Her big blue eyes brightened, a spark of excitement—she was fond of poking the prickly bear and just generally fond of Nic—but then she reined it in, asking cautiously, “How do we feel about that?”

While he and Nic hadn’t told any of their friends about their relationship, Lauren had intimated she’d figured something was brewing between them. They hadn’t confirmed or denied.

“Like I need something to show for a month of work,” he answered.

She pressed her lips together like she wanted to say more.

He glowered.

She rolled her eyes, then spun back around to the monitors, some of the long brown waves coming loose from her bun. “Curtis’s bank accounts continue to dwindle,” she said.

While they hadn’t been actively investigating, they had set up alerts on Curtis’s accounts and installed extra security at the properties he still owned.

“Any new loans?” he asked.

“Several. He’s barely afloat. Most were refis except this one.” She rotated the monitor closest to Cam so he could see the document open on the screen.

He rolled his chair closer, squinting at the long-form deed of trust.

“It was made back in May,” she went on. “But only recorded this week.”

May.

Five months ago, when the threats against Nic had quieted.

Her rainbow-painted nails directed his attention to the property description line. “You recognize that address?”

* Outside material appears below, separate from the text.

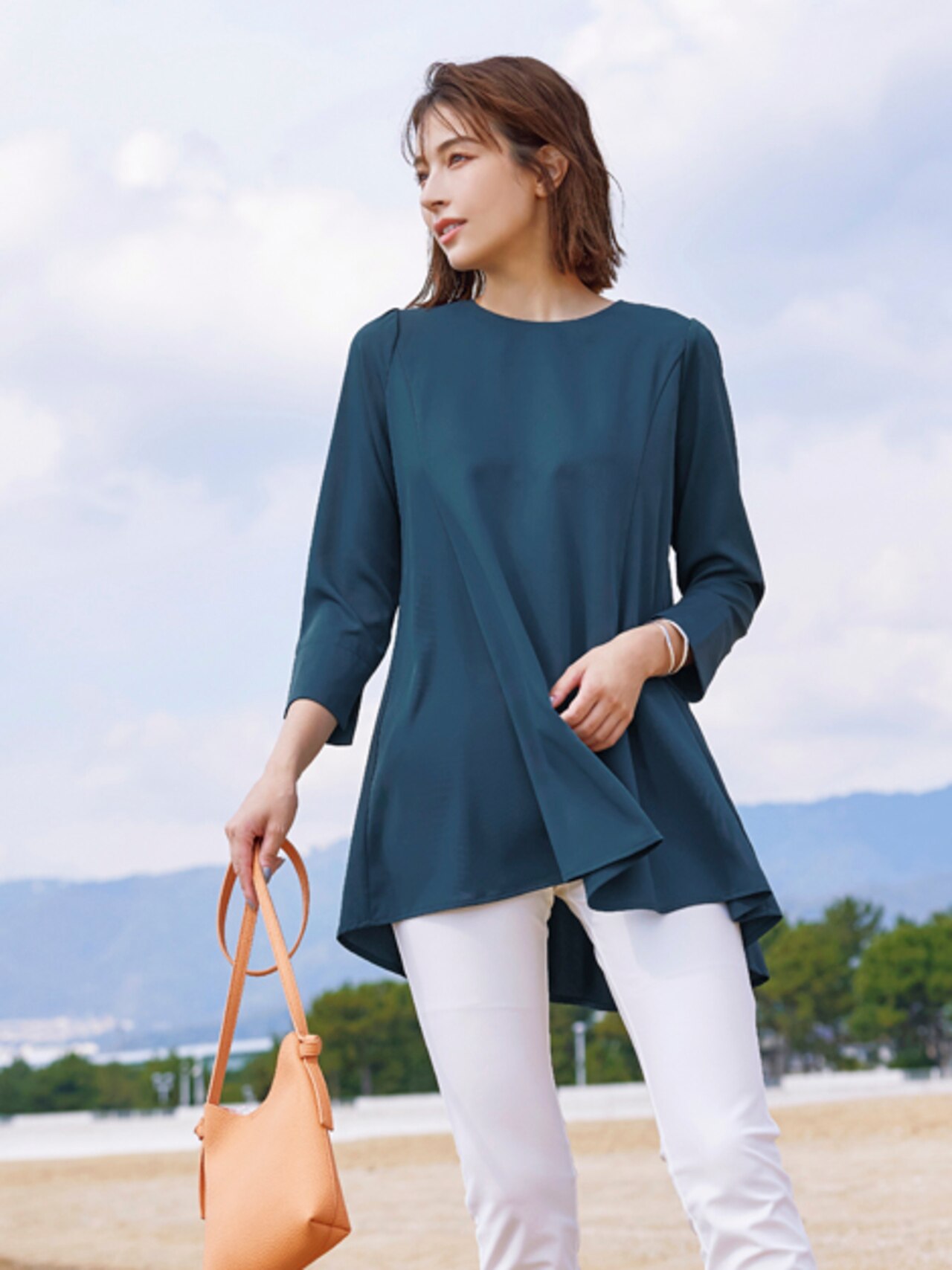 チュニックというカジュアルアイテムながら、ドレープ感のある生地を使うことでフェミニンでキレイ目なデザインに。まさにTiaclasseでしか見つからない無敵のアイテムとなっています。 -
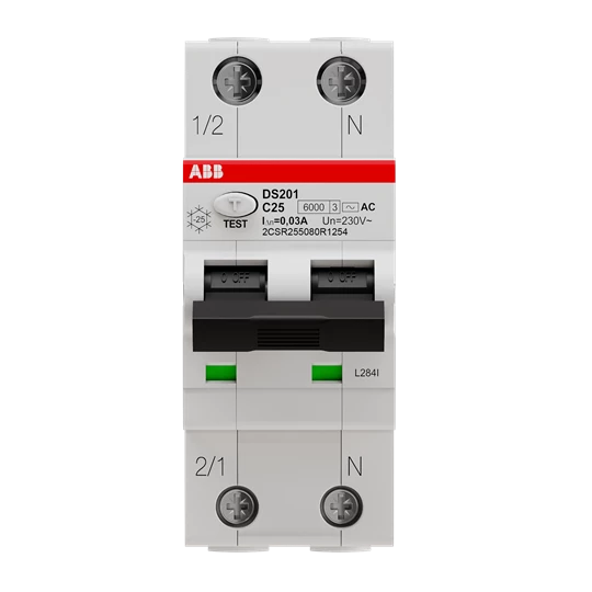 Wyłącznik różnicowo-nadprądowy, 1P+N, charakterystyka C, 25A, 6kA, 30mA, AC, bezzwłoczny DS201 C25 AC30 o numerze katalogowym   2CSR255080R1254 w kategorii Wyłączniki różnicowoprądowe nadprądowe>Wyłączniki różnicowoprądowe z członem nadprądowym typ AC. Produkt wyprodukowany przez markę ABB, seria DS201.

“Fucking hell. That’s the mansion in Hillsborough.”

“Yup, and the same company holds the mortgage on the office building in Burlingame.”

“Please tell me you’ve cracked that.”

The mortgage holder had a generic company name as did many real estate lenders and investment companies. Nic had claimed not to know who it traced back to. Cam didn’t buy it, suspecting that’s what Nic had been holding back.

“That’s where things get interesting,” Lauren said. He waved a hand, prompting her to go on. “There are other affiliate entities with loans on other Price properties and at the top of each company’s org chart is Vaughn Investments.”

“Who runs that?”

Her dark brows raced all the way to her hairline.

“I’m supposed to know?” Cam said.

“Vaughn Investments is run by Duncan Vaughn.”

“Who’s he?”

“Only one of the biggest real estate investors in the Valley. He’s like, all over the weekly business journal, opening this or that new project. I can’t believe you don’t know who he is.”

“I haven’t lived here my whole life, remember.

” He also avoided the local business journals and other reminders of how little money he made relatively.

In any event, his mind was making a more troubling connection.

“So you’re telling me one of this area’s biggest real estate investors might be behind the threats against Nic? ”

She nodded, not looking the least bit surprised. “I’m still tracing funds, but I doubt there’s any ‘might be’ to it.”

“Why’s that?”

She rapped her nails on the desk in a mock drumroll. Good news did not follow. “Because Duncan Vaughn is Silicon Valley’s version of a gangster.”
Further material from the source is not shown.